The simulation of a combustion process requires a fluid dynamic transport solution, chemical kinetics for reactive flow modeling, and particle tracking capabilities for oil or coal combustion. Most combustion processes involve a single fuel such as methane and a single oxidizer such as air but there are an increasing number of fuel burning processes that involve more than one type of fuel such as in biomass incinerators or process burners with co-firing capabilities. For this reason a CFD model must have multiple reaction capabilities and a database of the different chemical specie with their respective reaction schemes, reaction rates, activation energy, etc. In fact your CFD software package choice for combustion simulation should include:

  • multispecies transport and temperature variable properties (Cp, viscosity...)
  • multiple reaction schemes (turbulent driven, chemical activation energy, ignition & quenching models)
  • laminar flamelet combustion libraries
  • atomization and spray for oil combustion
  • gasification for coal or solid particle combustion
  • radiation transport and material properties
  • emission modelling: thermal and prompt NOx, CO, Soot


The Advantages of using Simulation to Predict the Combustion ProcessCombustion process

The accurate prediction of injection/atomization and liquid spray with mixing, combustion and thermal distribution is fundamental to the verification of hot regions leading to excessive thermal stress on walls, flame regions and NOx production, as well as the verification of the stability of the flame. Advanced numerical models such as Large Eddy Simulation (LES) can be effectively deployed to capture turbulent combustion for different flame regimes (premixed, non-premixed, and partially premixed). Compared with an experimental test campaign, simulation is much more cost effective and can be exploited parametrically to find the optimal solution, before carrying out a single physical mandatory test campaign.
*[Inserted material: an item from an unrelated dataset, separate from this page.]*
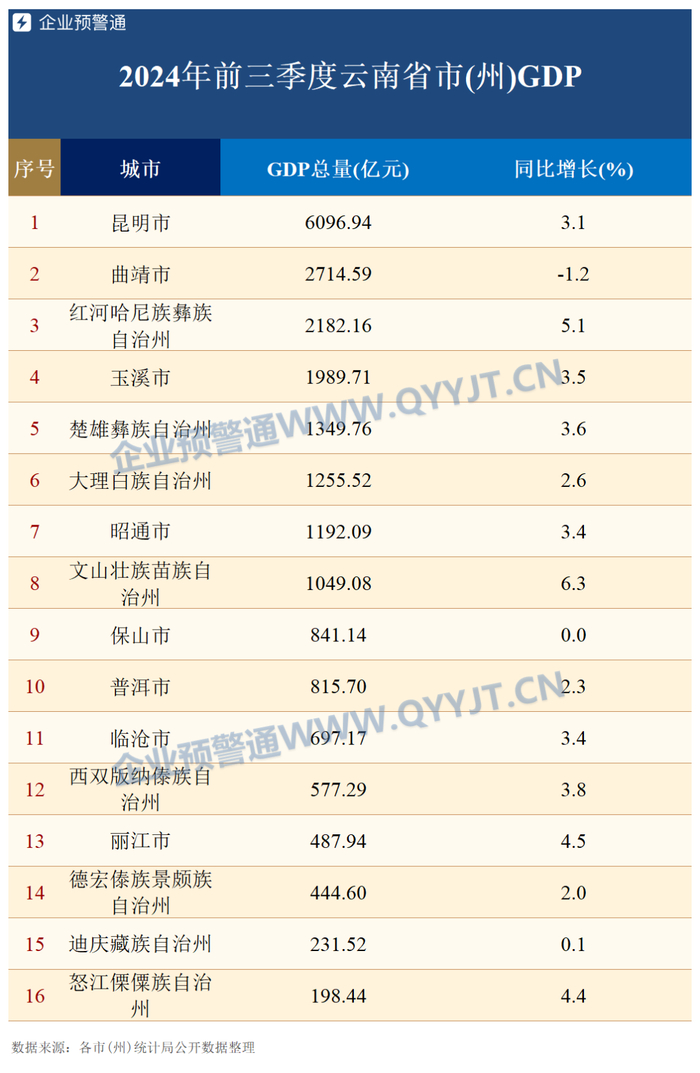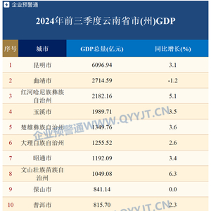 文山州前三季度GDP总量1049.08亿元,同比增长6.3%,GDP增速排名全省第一;昆明市虽然GDP总量遥遥领先,但增速仅高出全省0.1个百分点;曲靖市前三季度GDP同比增速为-1.2%,是唯一一个增速出现负增长的城市。

Typical simulation activities with a high added value are:

  • cold mixing simulation of the injection system to verify and optimize nozzles inlets, or atomizer position
  • simulation of secondary air distribution on cooling holes, effusion, liners to balance cooling flow effectiveness
  • reactive flow analysis to verify/optimize flame front, thermal field and exhaust emission
  • optimization of shape for the secondary recirculation region of a product gases to reduce Nox emission in process burners
  • unsteady simulations to verify flame instabilities at critical regimes (e.g. gas turbine humming)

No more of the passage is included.